**DATA EXTRACTS:**

----------------------------------------

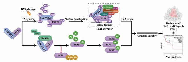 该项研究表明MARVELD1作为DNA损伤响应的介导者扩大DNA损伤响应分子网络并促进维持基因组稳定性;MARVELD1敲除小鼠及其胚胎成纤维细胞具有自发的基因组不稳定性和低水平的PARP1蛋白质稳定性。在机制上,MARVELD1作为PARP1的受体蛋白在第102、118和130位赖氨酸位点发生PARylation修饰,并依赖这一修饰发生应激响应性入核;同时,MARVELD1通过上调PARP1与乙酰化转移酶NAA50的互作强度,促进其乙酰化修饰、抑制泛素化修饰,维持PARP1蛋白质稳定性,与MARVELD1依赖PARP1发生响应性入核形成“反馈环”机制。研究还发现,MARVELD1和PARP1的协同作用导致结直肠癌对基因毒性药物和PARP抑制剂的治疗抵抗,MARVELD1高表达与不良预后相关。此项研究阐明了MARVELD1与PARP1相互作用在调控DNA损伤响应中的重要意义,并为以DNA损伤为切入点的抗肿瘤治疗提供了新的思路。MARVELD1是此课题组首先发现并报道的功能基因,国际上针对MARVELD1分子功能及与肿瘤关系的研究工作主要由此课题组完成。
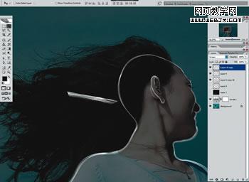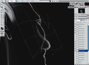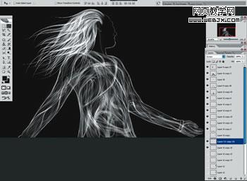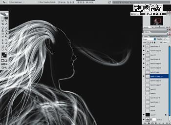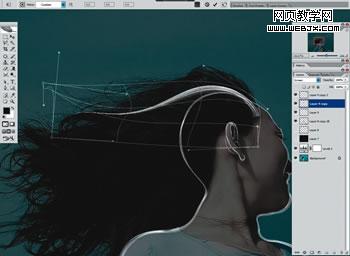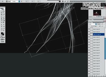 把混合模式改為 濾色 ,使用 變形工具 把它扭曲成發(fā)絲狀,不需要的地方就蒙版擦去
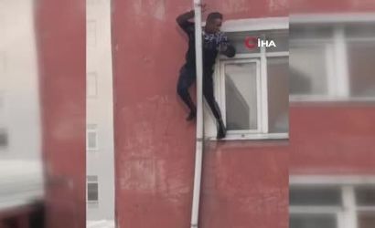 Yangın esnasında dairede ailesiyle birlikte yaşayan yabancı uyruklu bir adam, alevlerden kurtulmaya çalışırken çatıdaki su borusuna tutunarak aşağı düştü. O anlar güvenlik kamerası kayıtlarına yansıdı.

----------------------------------------

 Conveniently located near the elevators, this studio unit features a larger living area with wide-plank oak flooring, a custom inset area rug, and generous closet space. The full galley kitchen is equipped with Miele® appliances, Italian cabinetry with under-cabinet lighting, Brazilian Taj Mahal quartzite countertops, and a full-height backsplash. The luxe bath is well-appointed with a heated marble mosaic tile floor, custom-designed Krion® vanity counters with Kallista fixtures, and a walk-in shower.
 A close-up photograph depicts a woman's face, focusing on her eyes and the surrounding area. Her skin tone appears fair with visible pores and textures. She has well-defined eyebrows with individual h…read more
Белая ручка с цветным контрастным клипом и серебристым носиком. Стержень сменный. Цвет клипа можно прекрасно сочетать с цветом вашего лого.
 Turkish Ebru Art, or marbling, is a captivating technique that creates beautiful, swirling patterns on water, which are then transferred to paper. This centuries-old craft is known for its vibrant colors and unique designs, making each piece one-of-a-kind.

----------------------------------------

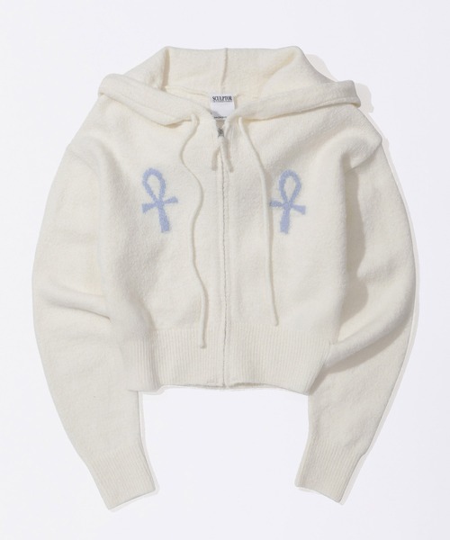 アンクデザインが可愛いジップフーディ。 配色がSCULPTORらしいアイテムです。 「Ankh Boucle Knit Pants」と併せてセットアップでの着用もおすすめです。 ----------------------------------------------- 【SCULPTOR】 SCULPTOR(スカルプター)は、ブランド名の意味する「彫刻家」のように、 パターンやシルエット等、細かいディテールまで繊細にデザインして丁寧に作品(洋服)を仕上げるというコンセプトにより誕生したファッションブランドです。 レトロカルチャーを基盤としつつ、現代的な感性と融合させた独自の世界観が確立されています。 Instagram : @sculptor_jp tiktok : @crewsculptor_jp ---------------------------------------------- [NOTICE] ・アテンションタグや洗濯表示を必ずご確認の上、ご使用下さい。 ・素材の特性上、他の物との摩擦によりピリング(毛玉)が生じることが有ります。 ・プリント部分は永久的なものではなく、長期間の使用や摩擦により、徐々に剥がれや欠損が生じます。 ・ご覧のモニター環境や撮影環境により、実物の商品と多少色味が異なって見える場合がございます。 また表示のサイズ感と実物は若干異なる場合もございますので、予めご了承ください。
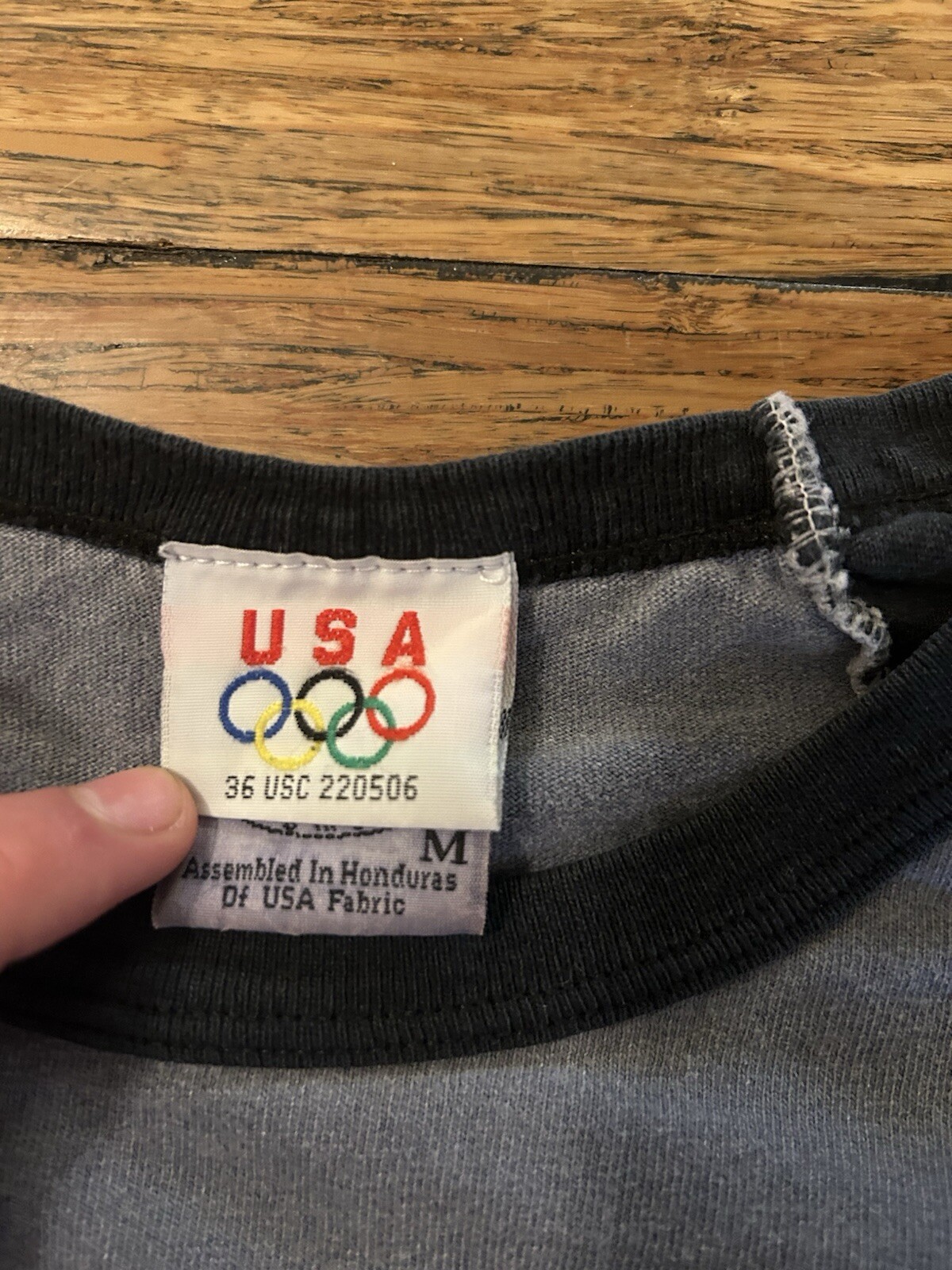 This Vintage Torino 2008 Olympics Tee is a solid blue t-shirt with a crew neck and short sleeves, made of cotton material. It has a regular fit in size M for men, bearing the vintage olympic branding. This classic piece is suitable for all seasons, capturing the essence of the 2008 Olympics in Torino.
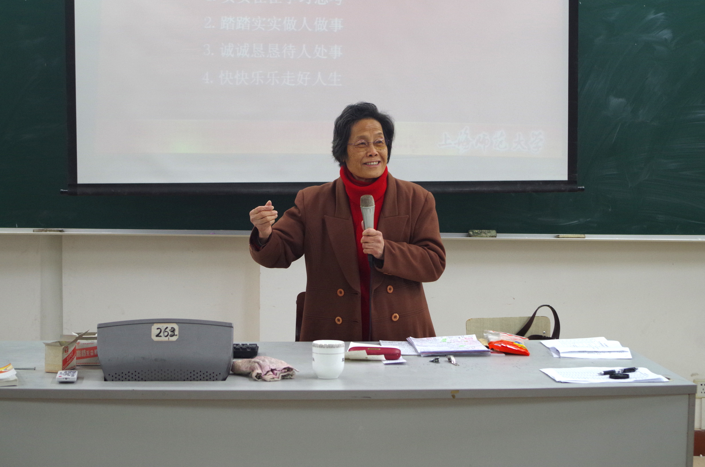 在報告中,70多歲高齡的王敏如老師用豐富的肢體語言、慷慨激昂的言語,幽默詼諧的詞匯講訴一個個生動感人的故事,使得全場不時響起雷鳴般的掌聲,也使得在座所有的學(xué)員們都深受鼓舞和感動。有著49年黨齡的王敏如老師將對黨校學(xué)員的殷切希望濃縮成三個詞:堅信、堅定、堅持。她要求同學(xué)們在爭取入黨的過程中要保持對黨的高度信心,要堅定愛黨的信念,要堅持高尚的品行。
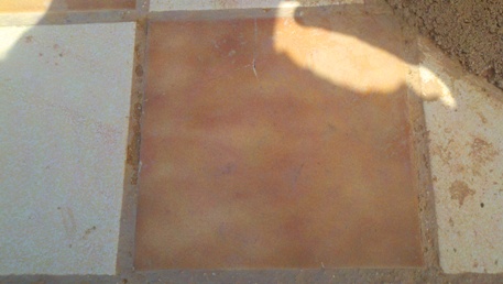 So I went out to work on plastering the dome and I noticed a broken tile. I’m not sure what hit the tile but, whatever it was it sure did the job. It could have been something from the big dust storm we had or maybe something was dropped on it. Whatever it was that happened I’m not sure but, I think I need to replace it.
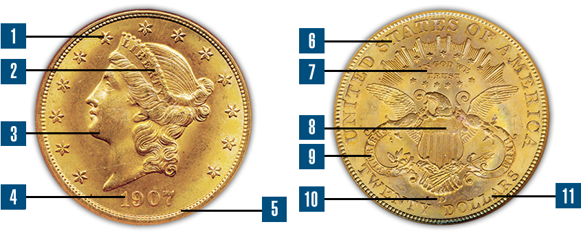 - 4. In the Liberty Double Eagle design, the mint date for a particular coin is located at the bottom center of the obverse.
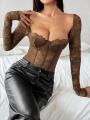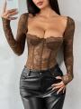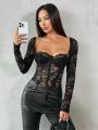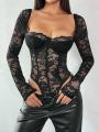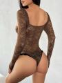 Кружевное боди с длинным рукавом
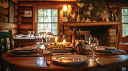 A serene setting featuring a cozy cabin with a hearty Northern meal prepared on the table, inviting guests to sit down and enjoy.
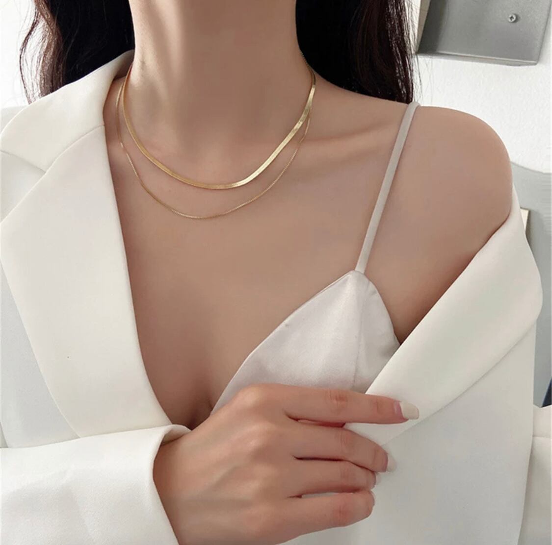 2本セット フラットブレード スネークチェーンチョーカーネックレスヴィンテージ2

----------------------------------------

**YOUR TASK:** Count the lines above holding "well". Give only the number.

**SOLVED PROBLEM:** 2